I ran my hand through my hair and let out another sigh. I went to my room to get dressed, then called Dad up. Maybe hearing his voice would make me calmer. But he didn't pick up.

[Junsu]

I couldn't stop thinking about her. It was pathetic, really. Even in the morning I kept thinking about what I had done to her. I knew that I shouldn't have hurt her physically. I wasn't planning to, either. It just... happened. But it shouldn't have happened.
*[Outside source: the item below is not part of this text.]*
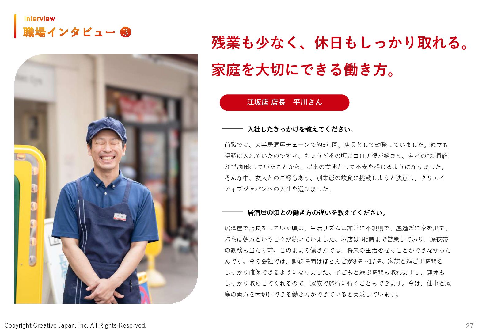 の勤務も当たり前。このままの働き⽅では、将来の⽣活を描くことができなかった んです。今の会社では、勤務時間はほとんどが8時〜17時。家族と過ごす時間を しっかり確保できるようになりました。⼦どもと遊ぶ時間も取れますし、連休も しっかり取らせてくれるので、家族で旅⾏に⾏くこともできます。今は、仕事と家 庭の両⽅を⼤切にできる働き⽅ができていると実感しています。 江坂店 店⻑ 平川さん ⼊社したきっかけを教えてください。 前職では、⼤⼿居酒屋チェーンで約5年間、店⻑として勤務していました。独⽴も 視野に⼊れていたのですが、ちょうどその頃にコロナ禍が始まり、若者の“お酒離 れ”も加速していたことから、将来の業態として不安を感じるようになりました。 そんな中、友⼈とのご縁もあり、別業態の飲⾷に挑戦しようと決意し、クリエイ ティブジャパンへの⼊社を選びました。 残業も少なく、休⽇もしっかり取れる。 家庭を⼤切にできる働き⽅。 27

There was an insatiable anger in me that I didn't know how to control. I wasn't the one who told Dad to kill her mother. He did that on his own. So it didn't surprise me when he got caught for it. I just got angry. At him. At myself. And oddly enough, most of that anger was directed towards So Young. I assumed that with the warning I had given her she would back off.

So when I walked into the classroom the next day and saw that she wasn't there, I couldn't help but grin. It seemed she heeded my warning after all. Good girl.

[So Young]

When I opened my eyes I found myself lying on an unfamiliar bed. Dad was sitting next to me staring at me. The frown on his face told me what I needed to know.

"Hey Dad," I said, my voice sounding meek.

"Hey princess," he said, smiling at me, "You're awake. How are you feeling?"

"Dizzy," I admitted, "Where... am I?"

"You're in the hospital."

So I really did end up fainting... I grimaced. "You must be getting tired of bringing me here."

His smile dropped. He ignored what I said and asked me the million-dollar question: "Did something happen?"

I sat up straight and looked down at my hands. I shook my head. I couldn't bring myself to tell him what was going on. I just couldn't.